Salvation Is Now, Not Later

One of the ways many traditional Christians have avoided real change/conversion has been to make the gospel of Jesus primarily about going to heaven and avoiding hell. I think this is particularly true for many of us who have made “heaven” the reward for believing the right things. We use all sorts of language for this: accepting Christ into one’s heart, making a decision for Christ, having a born again experience, trusting Christ as personal Savior, etc. (all these expressions mean different things to different people).

The problem is that many Christians who feel they have made this “decision” think that they are guaranteed heaven and see no real need to change now. With the promise of heaven secured, one’s ego can easily pad and protect itself in ways that avoid dealing with the pride, negativity, and greed that resides there. When whole groups of people (evangelical Christians?) are committed to ego protection and defense, real personal or communal transformation rarely happens. Being a Christian, then, becomes nothing more than believing the correct doctrine, observing the proper rites and rituals, or saying the appropriate words. The ego is not touched and the heart is not changed.

But when we understand “heaven” and “hell” primarily as spiritual symbols of our spiritual state in the present, we are more likely to assume some responsibility for how we live. Authentic spirituality is always about “today.” It’s about seeing, doing, waiting, trusting, loving, caring, sharing, and serving now, rather than something we are given in the future as the result of believing the right things or being a part of the “in” group. Jesus said, “Whoever wants to be my disciple must deny themselves and take up their cross daily and follow me” (Luke 9:23). Following Jesus daily, being led by the Spirit of the living Christ daily, living daily in and for the kingdom of God, is not optional. It is at the very heart and core of the good news Jesus proclaimed and embodied.

Jesus certainly believed in a future resurrection, as did his early followers (whose writings make up our New Testament). But that was never at the center of the gospel he proclaimed. Jesus called his disciples into a mindset, lifestyle, and lifetime of change. And I have no doubt that whatever constitutes life in a resurrected state (which is all speculation from our side of it) continuing change will be part of it.

Salvation is a continual process, never a completed state. When one stage is complete, we simply enter another. One who is being saved, one who is spiritual, is one who invites and welcomes the indwelling Spirit to teach her/him how to love. This involves breaking old habits of ego protection, negative reactions, and selfish behavior and attitudes, and allowing the Spirit, whose very nature is Love and Grace, access to our innermost being. The Spirit inspires and empowers new patterns of reaction and interaction with others in ways that are pervaded by forgiveness and compassion. We learn to die daily to the old, false self as we learn to put on the new, Christ self (read Eph 4-5 and Col 3).

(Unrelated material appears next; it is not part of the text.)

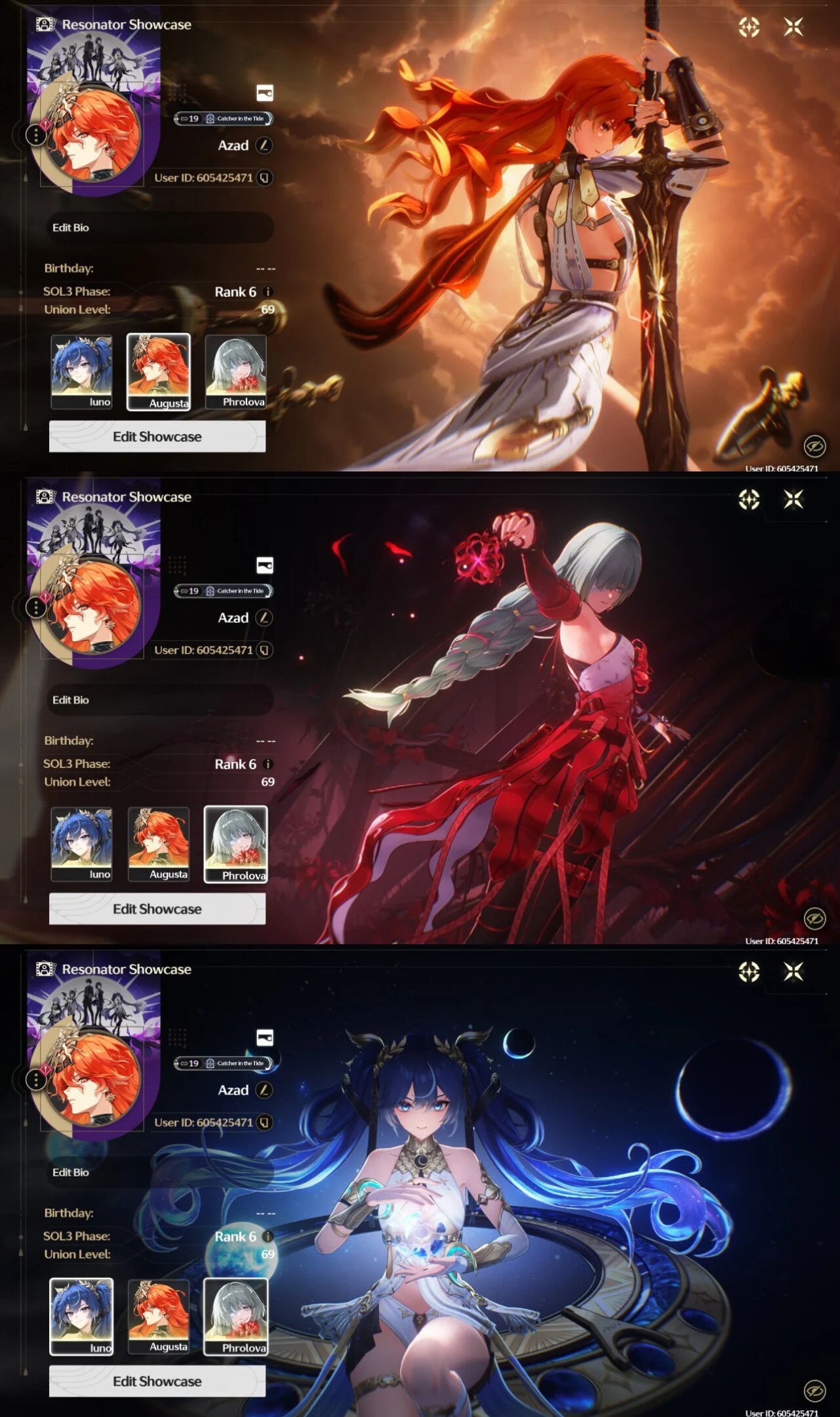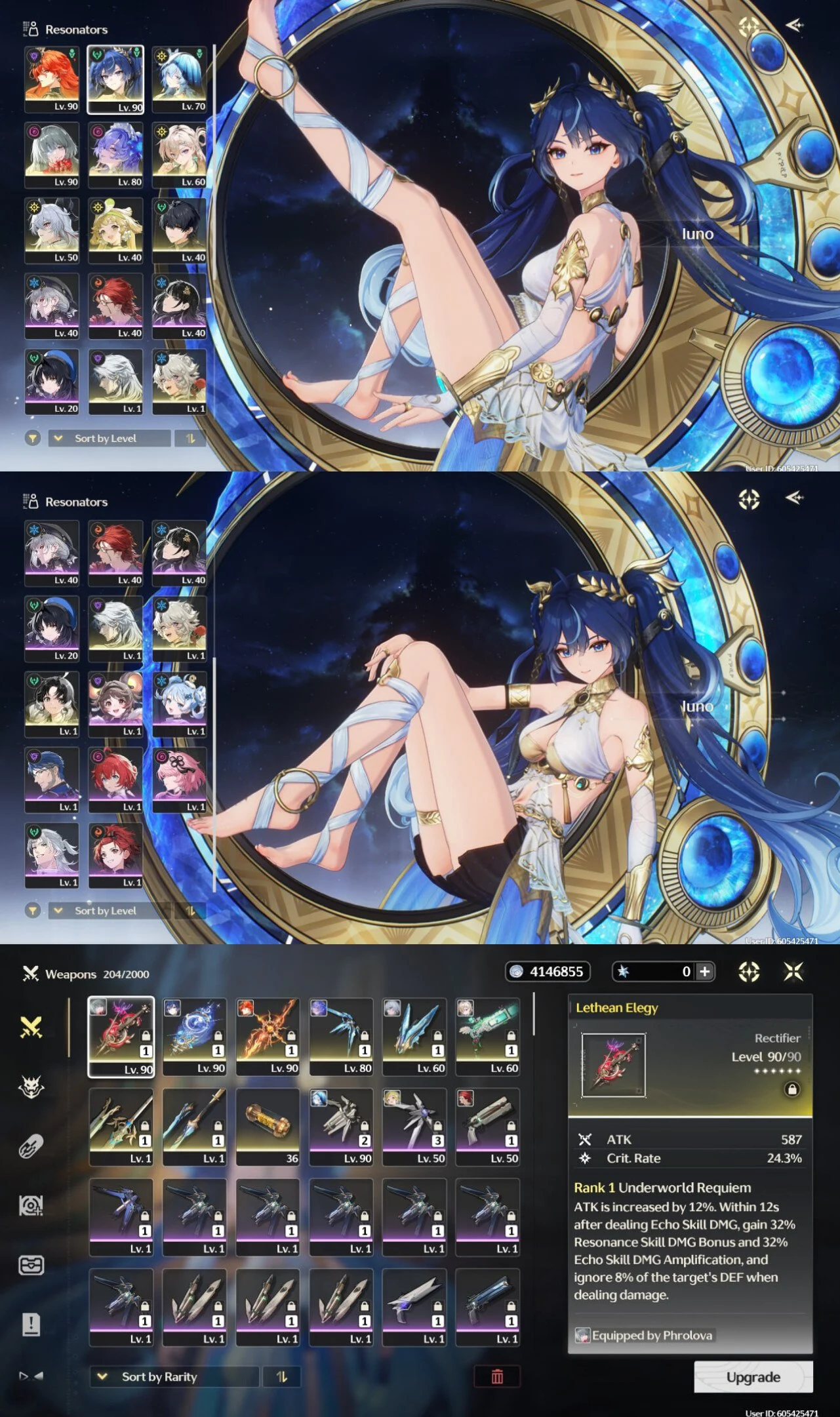 All Platform ⚔️ EU 🇪🇺 Union69 💎 23 Character 12 5'Star 🌟 8 Weapon 5'Star 🌹 Augusta 🏹 Iuno 💯 Lynae ⚡ Phrolova ⚡ Shorekeeper 🔥 Code1498

When we do church right, this is what we are teaching one another—how to “walk in the way of love, just as Christ loved us” (Eph 5:2).


  1. Are you saying that the idea of resurrection is untrue? You use terms like symbolic as if to disbelieve a concept yourself. I agree that the idea of some reward, such as heaven, does not focus on the nature of true christianity, but it does not mean it untrue. I am trying to understand what you are trying to say. When I read your blog you seem to be denying somethings as you state you particular position of spiritual transformation.

  2. To reformedschools:
    Not at all. In my blog above I state that "Jesus certainly believed in a future resurrection, as did his early followers." I do as well. My point is that Jesus' emphasis was on bringing heaven to earth, seeing the kingdom of God realized in this world individually, communually, and globally. So I believe salvation is primarily about transformation right now, a transformation that continues into the resurrected state and beyond.

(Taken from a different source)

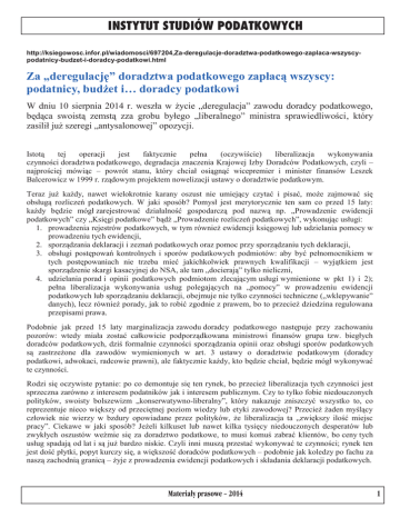 INSTYTUT STUDIÓW PODATKOWYCH http://ksiegowosc.infor.pl/wiadomosci/697204,Za-deregulacje-doradztwa-podatkowego-zaplaca-wszyscypodatnicy-budzet-i-doradcy-podatkowi.html Za „deregulację” doradztwa podatkowego zapłacą wszyscy: podatnicy, budżet i… doradcy podatkowi W dniu 10 sierpnia 2014 r. weszła w życie „deregulacja” zawodu doradcy podatkowego, będąca swoistą zemstą zza grobu byłego „liberalnego” ministra sprawiedliwości, który zasilił już szeregi „antysalonowej” opozycji. ZA „DEREGULACJĘ” DORADZTWA PODATKOWEGO ZAPŁACĄ WSZYSCY: PODATNICY, BUDŻET I… DORADCY PODATKOWI Istotą tej operacji jest faktycznie pełna (oczywiście) liberalizacja wykonywania czynności doradztwa podatkowego, degradacja znaczenia Krajowej Izby Doradców Podatkowych, czyli – najprościej mówiąc – powrót stanu, który chciał osiągnąć wicepremier i minister finansów Leszek Balcerowicz w 1999 r. rządowym projektem nowelizacji ustawy o doradztwie podatkowym. Teraz już każdy, nawet wielokrotnie karany oszust nie umiejący czytać i pisać, może zajmować się obsługą rozliczeń podatkowych. W jaki sposób? Pomysł jest merytorycznie ten sam co przed 15 laty: każdy będzie mógł zarejestrować działalność gospodarczą pod nazwą np. „Prowadzenie ewidencji podatkowych” czy „Księgi podatkowe” bądź „Prowadzenie rozliczeń podatkowych”, wykonując usługi: 1. prowadzenia rejestrów podatkowych, w tym również ewidencji księgowej lub udzielania pomocy w prowadzeniu tych ewidencji, 2. sporządzania deklaracji i zeznań podatkowych oraz pomoc przy sporządzaniu tych deklaracji, 3. obsługi postępowań kontrolnych i sporów podatkowych podmiotów: aby być pełnomocnikiem w tych postępowaniach nie trzeba mieć jakichkolwiek prawnych kwalifikacji – wyjątkiem jest sporządzenie skargi kasacyjnej do NSA, ale tam „docierają” tylko nieliczni, 4. udzielania porad i opinii podatkowych podmiotom zlecającym usługi wymienione w pkt 1) i 2); pełna liberalizacja wykonywania usług polegających na „pomocy” w prowadzeniu ewidencji podatkowych lub sporządzaniu deklaracji, obejmuje nie tylko czynności techniczne („wklepywanie” danych), lecz również porady, jak to robić zgodnie z prawem, bo to przecież dziedzina regulowana przepisami prawa. Podobnie jak przed 15 laty marginalizacja zawodu doradcy podatkowego następuje przy zachowaniu pozorów: wtedy miała zostać całkowicie podporządkowana ministrowi finansów grupa tzw. biegłych doradców podatkowych, dziś formalnie czynności sporządzania opinii oraz obsługi sporów podatkowych są zastrzeżone dla zawodów wymienionych w art. 3 ustawy o doradztwie podatkowym (doradcy podatkowi, adwokaci, radcowie prawni), ale faktycznie każdy, kto będzie chciał, będzie mógł wykonywać te czynności. Rodzi się oczywiste pytanie: po co demontuje się ten rynek, bo przecież liberalizacja tych czynności jest sprzeczna zarówno z interesem podatników jak i interesem publicznym. Czy to tylko fobie niedouczonych polityków, swoisty bolszewizm „konserwatywno-liberalny”, który nakazuje zniszczyć wszystko to, co reprezentuje nieco większy od przeciętnej poziom wiedzy lub etyki zawodowej? Przecież żaden myślący człowiek nie wierzy w bzdury opowiadane przez polityków, że liberalizacja ta „zwiększy ilość miejsc pracy”. Ciekawe w jaki sposób? Jeżeli kilkuset lub nawet kilka tysięcy niedouczonych desperatów lub zwykłych oszustów weźmie się za doradztwo podatkowe, to musi komuś zabrać klientów, bo ceny tych usług spadają od lat i są już bardzo niskie. Czyli inni muszą przestać wykonywać te czynności; rynek ten jest dość płytki, popyt kurczy się, a większość doradców podatkowych – podobnie jak koledzy po fachu za naszą zachodnią granicą – żyje z prowadzenia ewidencji podatkowych i składania deklaracji podatkowych. Materia³y prasowe – 2014 1 INSTYTUT STUDIÓW PODATKOWYCH O co więc naprawdę chodzi twórcom tych przepisów? Sądzę, że o to samo co przed 15 laty. Powiązana z politykami grupa ludzi wywodzących się z kilku „międzynarodowych” (tak się sami nazywają) firm doradczych była zawsze przeciwnikiem tej ustawy o doradztwie podatkowym, bo wprowadzała ona nadzór publiczny nad wykonywaniem tego zawodu. A ci ludzie nie chcą, aby im ktoś patrzył na ręce oraz nie życzą sobie, aby istniało coś, co nazywa się etyką zawodową i odpowiedzialnością dyscyplinarną. Dlaczego? Bo oni zajmują się zwłaszcza „optymalizacją podatkową” a ich strategia biznesowa ma ścisły związek z władzą, gdyż „odważnych operacji” w podatkach nie da się zrobić bez odpowiedniego parasola politycznego. Przed 15 laty na Świętokrzyskiej byli przyjmowani „eksperci” z firmy Arthur Andersen, których nota bene w tym czasie promowała „Gazeta Wyborcza”. Zresztą ludzie ci nigdy nie kryli swojej niechęci do ustawowego przekształcenia zawodu doradcy podatkowego w profesję zaufania publicznego, bo reprezentowali zupełnie inny świat: albo ktoś zajmuje się „agresywnym planowaniem podatkowym”, które zakłada posługiwanie się trudnoudowadnialną fikcją, albo ślubuje „wykonywać ten zawód zgodnie z PRAWEM, WIEDZĄ I ZASADAMI ETYKI ZAWODOWEJ” (art. 8 ustawy o doradztwie podatkowym). Był tu jeszcze jeden czysto praktyczny aspekt: samorząd zawodowy każdego zawodu zawsze będzie w większości składał się z ludzi reprezentujących małe i średnie firmy, którym bardzo daleko do miraży „międzynarodowego biznesu podatkowego” i salonów „czołowych gazet” i gabinetów ministerialnych. Zatem ci ludzie jako członkowie organów Izby – mając ustawowe prerogatywy – mogą potencjalnie zagrozić liderom optymalizacji podatkowej upominając się o przestrzeganie zasad obowiązujących w każdym zawodzie zaufania publicznego, czyli legalizmu i moralności. Zdecydowana większość doradców podatkowych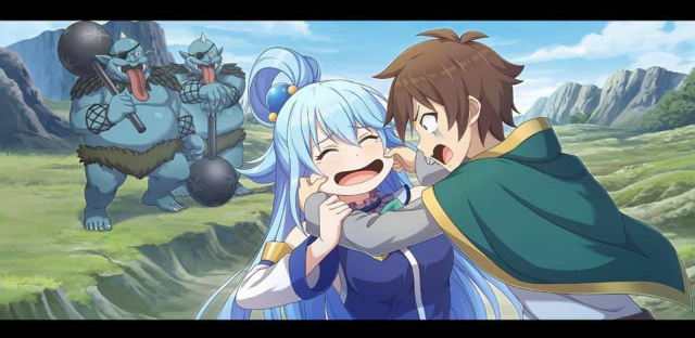 เอาจริงก็มีมาให้เห็นบ้างเป็นระยะๆ ในขณะที่เนื้อเรื่องหลักอาจจะเครียด แต่ก็จะมีมุขตลกเฮฮาแทรกมาบ้าง แต่บางเกมนั้นจะทำเหนือกว่านั้นคือ เอาฮามันทั้งเนื้อเรื่องหลักและเนื้อเรื่องรองไปเลย ซึ่งเกมที่ว่าคนเขียนดันรู้จักเกมเดียว คือ KONOSUBA (เซิร์ฟญี่ปุ่น) ซึ่งปกติในอนิเมะก็ฮาอยู่แล้ว ในเกมยิ่งฮาเข้าไปใหญ่ ตบมุขกันได้ทุกตอนเลยทีเดียว

  3. Are you making the same point as N.T. Wright about the importance of living a life realizing that what one does is important? Also, have you read the book "Life Together" by Bonhoeffer. If you have, do you recall the idea of community and authentic faith lived out with other believers in a world of unbelievers?

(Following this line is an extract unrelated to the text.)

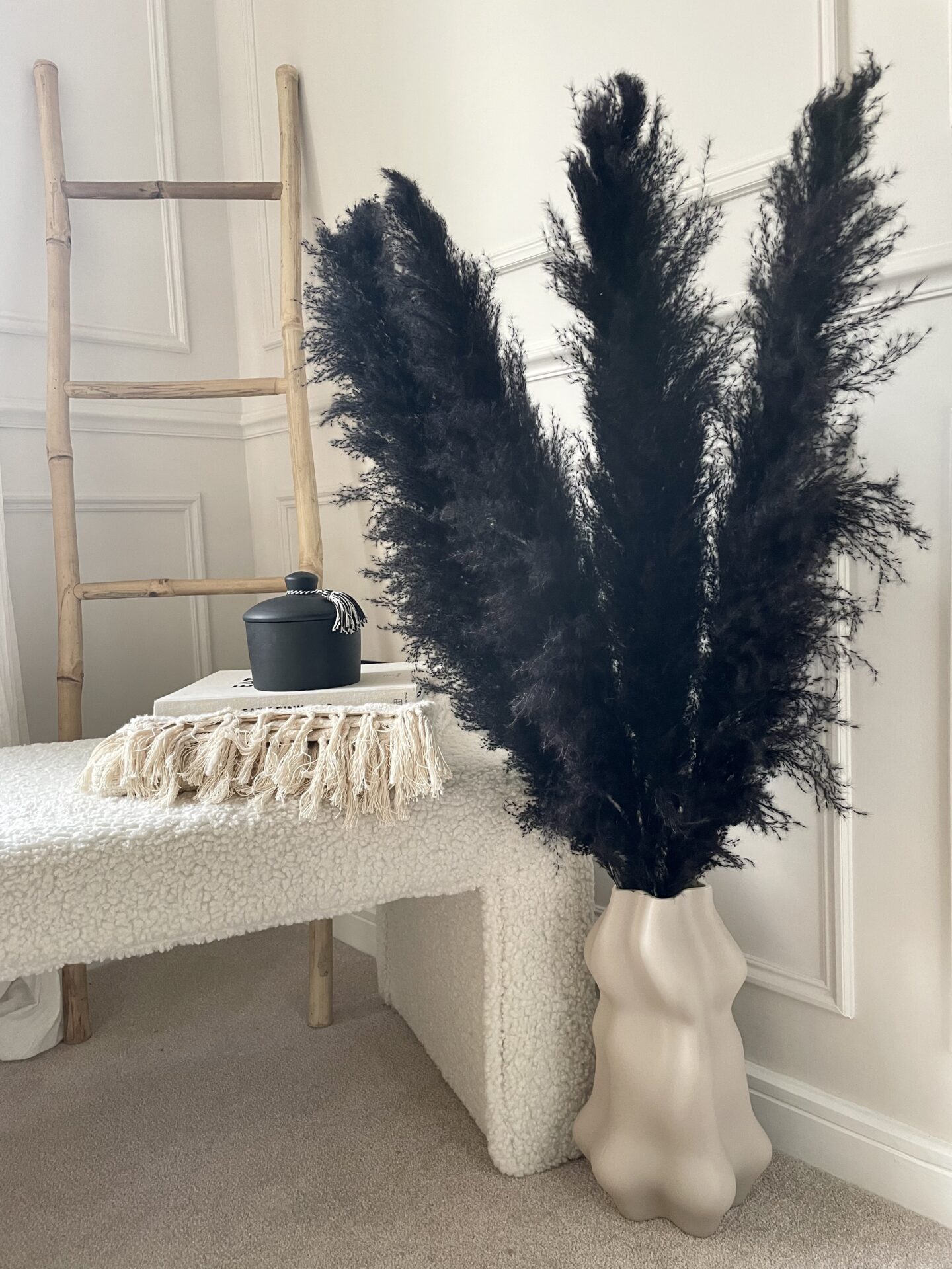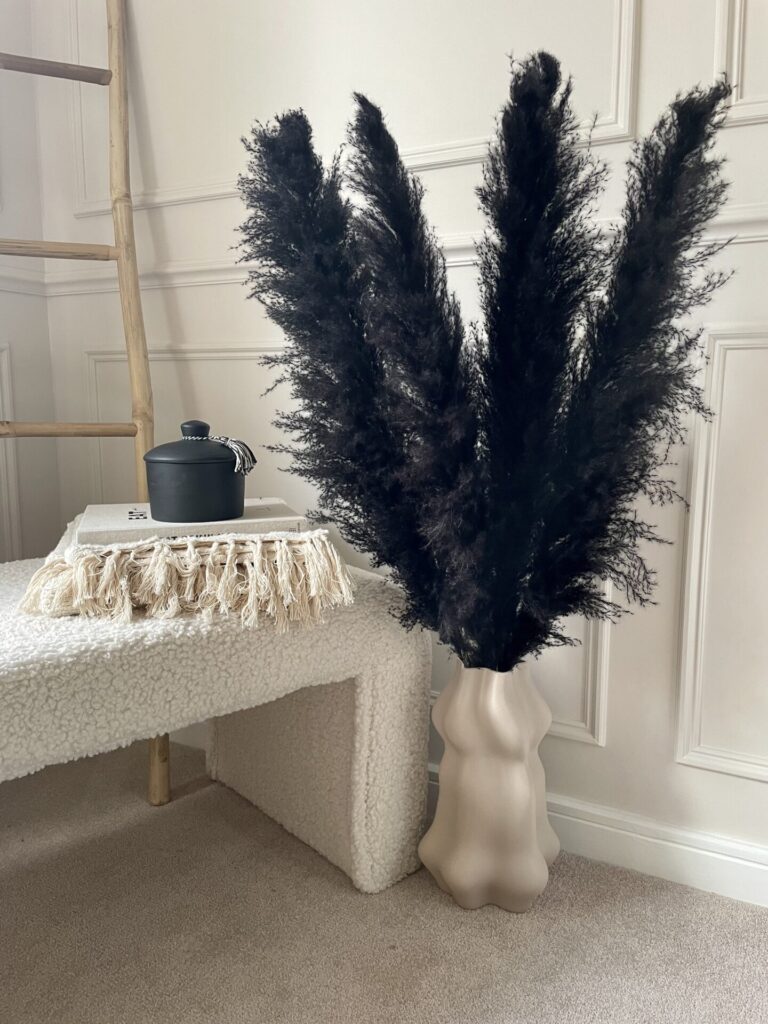 Natūralios džiovintos juodos pampų smilgos – išraiškingas, priežiūros nereikalaujantis dekoro akcentas, suteikiantis interjerui modernumo, gylio ir elegancijos.

  4. I like much of what Wright says and I certainly concur with Wright about the importance of being agents and collaborators with God in the implementation of God's kingdom now. I have read Bonehoeffer, but it has been some time ago. I just skimmed back through the book and can't recall what he says about the church engaging the world. His chapter on ministry is primarily about how disciples serve one another in the faith community.